Stacey nodded and pulled a lavender sweater from the pile. “I was thinking something like this.”
Once in femme clothing, wearing breast forms and padding to give herself a more feminine shape, Stacey grew contemplative, running through a list of times when she’d done something careless — left her bra in the laundry room, for instance — and risked having her wife discover her secret. According to Monica, 80 percent of her clients who transition stay married through that time, though they also tend to stay heteronormative, meaning that once they get far enough along in their transition, they find themselves attracted to men (a controversial theory chalks this up to hormones; Monica thinks it has more to do with social identification). More than half get divorced shortly after they transition completely. Occasionally, a client of Monica’s will get found out when her wife discovers a photo of her in femme, though the pictures are sometimes so good that the wife assumes her husband is having an affair instead.
“Do you ever feel like maybe you subconsciously want to get caught?” asks Monica as she dabs foundation over Stacey’s face.
“I wonder about that. I was going to ask my therapist to see what she says.”
“All my life, I’ve been attracted to women,” Stacey muses. “As a guy, I’m not attracted to men, but I don’t know about when I’m a woman.”
“As a girl, would you say it’s kind of flexible?”
“Yeah. Which is the part of this whole thing that scares me the most. If I wasn’t married right now, would I be with a man as Stacey? No. But would I transition? Yes. Then would I be with a man? Yes. But the thing is, sure, maybe my wife would support me, but she’s not going to stay married to me.”
“But would you want to stay married to her?” Monica asks, as she begins to contour Stacey’s face with a blush brush, drawing out her cheekbones, narrowing her chin. “You’re not a lesbian.”
“I don’t know. And I won’t know until it happens.”
“Do you think it will happen? Do you think you will transition?”
Stacey considers. “If you asked me that a year ago, I’d say, ‘No, it’s not going to happen. I’m going to make sure it doesn’t happen.’ Now I don’t know. Now I think it will, I just don’t know when.”
“You think it will? Really?”
“Yeah,” Stacey softly admits.
Monica stops the brush in midair. “You’ve never said that before.”
“I know.” Stacey pauses. “I think I’ve only said it to myself.”

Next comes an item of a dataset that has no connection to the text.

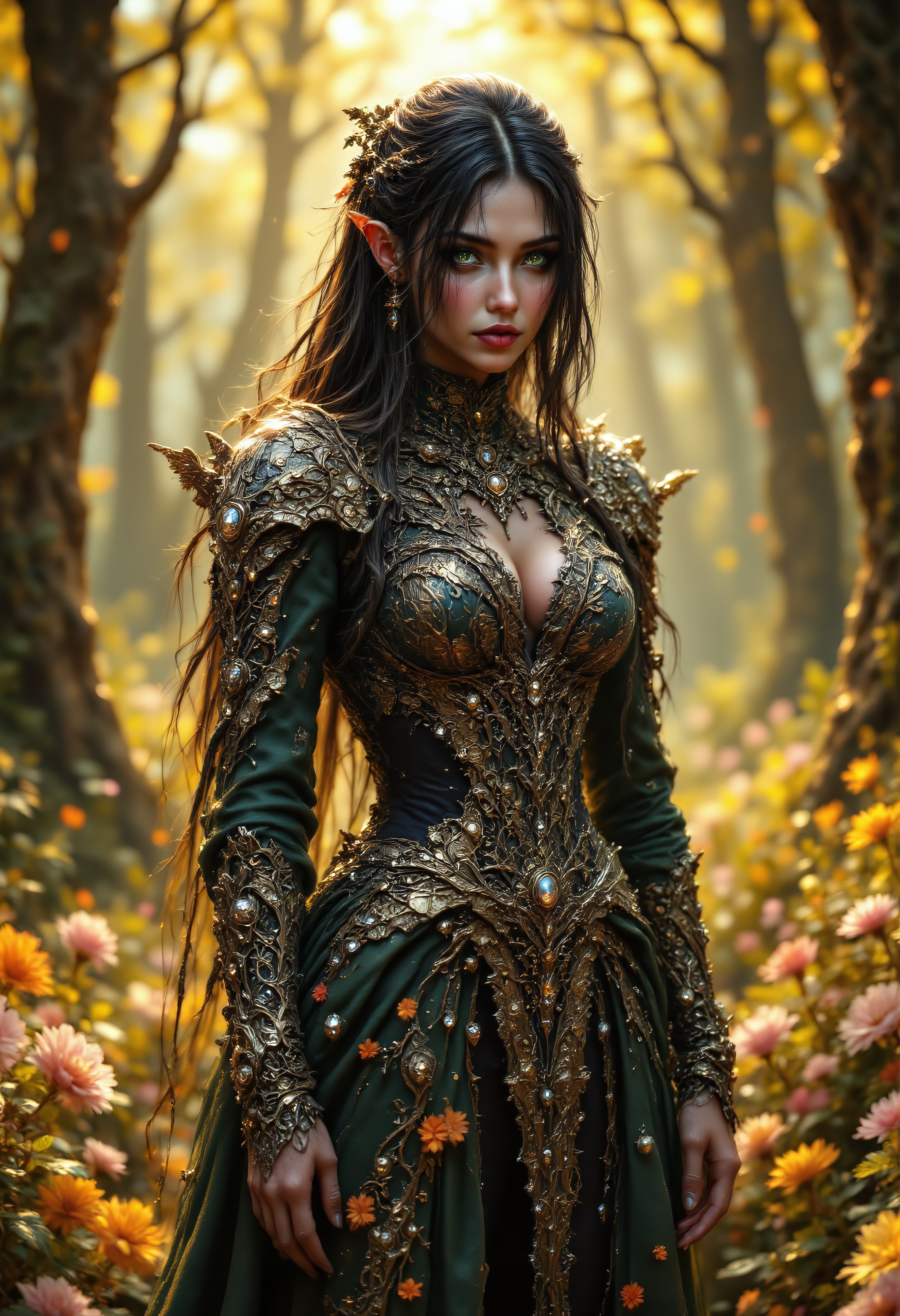 (aidmafluxpro1.1, R3alisticF) A serene fantasy Elf stands majestically, basking in the warm, golden sunlight, clad in intricately designed, free-flowing armor that appears to be a harmonious blend of silver and gold, with delicate, ethereal engravings that shimmer in the light. The gentle, natural lighting accentuates her slender, elongated ears and elegant features, and her piercing emerald eyes sparkle with an otherworldly intensity. Her raven-black hair cascades down her back like a waterfall of night, with subtle, wispy strands framing her heart-shaped face. The armor, adorned with tiny, glittering gemstones, drapes elegantly around her slender physique, accentuating her lithe, athletic build. The surrounding environment is a lush, vibrant forest, with towering trees and colorful wildflowers swaying gently in the breeze, evoking a sense of tranquility and peace. 8k highest resolution with sharp intricate details.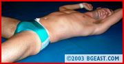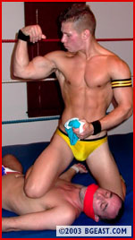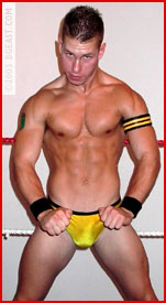 After an interlude where Aryx pumps iron and reflects on the reformation of his tag team (short quote: "Until they perfect cloning, Nick'll have to do."), Aryx heads to the ring to take on "some loser from Europe" who dared challenge him. "I heard about your audition in a London hotel room with Kid Leopard." Before the friendly Brit can answer the humpy American, Aryx drops him with a fist to the gut. Relentless ab abuse--boots in the corner, bare-knuckled blows that leave visible red welts, multiple gut busters--and Danny's wobbling on rubber legs. Aryx drives his dominance in deep with more gut busters, an ab stretch and a flipping, flopping body scissors with Aryx's lean legs flailing down on the Brit's brutalized midsection. There are squash jobs, and then there's this match. When the Brit's on his back, Aryx turns patriotic--stripping his victim bare ass naked and replacing his trunks with an American flag thong. And if that wasn't enough--Aryx breaks out Dan's UK T-shirt to wipe the sweat off his balls before forcing the nearly unconscious jobber to sniff them and cramming them in his mouth--Outrageous!

The music from the rooftop bar of the Americano Hotel thrummed loudly as Stacey crossed through the lounge area and ventured onto the dance floor, peering about expectantly. She looked soft, natural, and age-appropriate in a plum-colored sweater dress, black high-heeled booties, just the right amount of makeup, and her new auburn wig. When she saw her cousin across the room, she stiffened slightly. But her cousin enveloped her in a hug and led her to a back corner where they could talk. “She told me how beautiful I looked,” Stacey would tell us later. “Since we last talked, it seemed like she had educated herself on being transgender. All my nervousness just melted away completely.”
They talked about how different being transgender was from being gay, how it can be much harder on the people around you because you change into someone who can be unrecognizable. They talked about their childhood, their family. And they talked about how Monica was helping Stacey have the courage to live in her own skin. It was long after midnight when they parted ways, though Stacey didn’t want the night to end. After the rush of acceptance, she didn’t want to go back to her hotel alone. She dreaded the moment when she would have to pack Stacey’s things away, not knowing the next time she’d be able to wear them. But she had an early flight to catch, a wife and children she loved to return to. Back in her room, she removed the wig, tucking it back in the box it came in. She took off her dress. She looked at herself for a long moment in the bathroom mirror before, slowly and regretfully, she began washing the makeup off her face.